L’huissier, un bel homme, à la mine rubiconde, vêtu d’un magnifique uniforme, un papier à la main, s’approcha de Fanarine pour lui demander dans quelle affaire il devait plaider. En apprenant que c’était dans l’affaire de Maslova, il en prit note et s’éloigna. À ce moment la porte de la garde-robe s’ouvrit et le petit vieillard à l’aspect patriarcal en sortit ; mais à la place de son veston il avait revêtu un uniforme orné de galons et de ferblanterie, qui le faisait ressembler à un oiseau.

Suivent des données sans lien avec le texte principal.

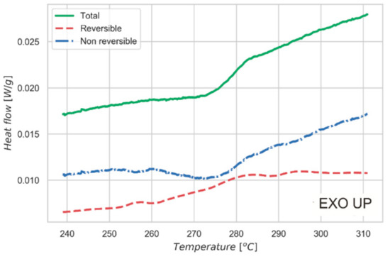Figure 5 shows the data collected by MDSC. The experiment allows us to separate the heat flow curve into two different contributions. One is the step change in heat capacity of the sample due to the order/disorder transition. This effect is reported in the reversible heat flow signal. The second contribution is associated with the enthalpy recovery of the system: this phenomenon is related to the kinetic of the measurement and depends mainly on the thermal diffusivity of the material and on the specimen size and shape. Such a contribution is visible as a peak in the non-reversible curve reported in Figure 5. This behavior is further proof of the nature of the transition observed in the material, which is also confirmed by the constant-pressure heat capacity (Cp) measurement over the same temperature interval. As shown in Figure 4c, a peak of Cp is observed at the order-disorder transition, with a shape characteristic of higher order phase transformations [39]. Cp of the high temperature (disordered) phase is higher than for the low temperature (ordered or partially-ordered) phase, demonstrating an increase in vibrational modes in the disordered phase.

Lui-même devait être gêné de ce costume ridicule, car il traversa la pièce très rapidement et disparut dans la porte opposée à l’entrée.

— C’est Bé, un homme très respectable, dit Fanarine à Nekhludov ; puis l’ayant présenté à son collègue, il parla de l’affaire qu’on allait juger et qu’il déclarait fort intéressante.

Peu après, l’audience s’ouvrit et Nekhludov pénétra à gauche, dans la salle des séances, avec le reste du public. Tout le monde, Fanarine comme les autres, se rangea dans la partie réservée au public, derrière la grille. Seul, un avocat de Pétersbourg passa de l’autre côté et alla s’asseoir devant un pupitre.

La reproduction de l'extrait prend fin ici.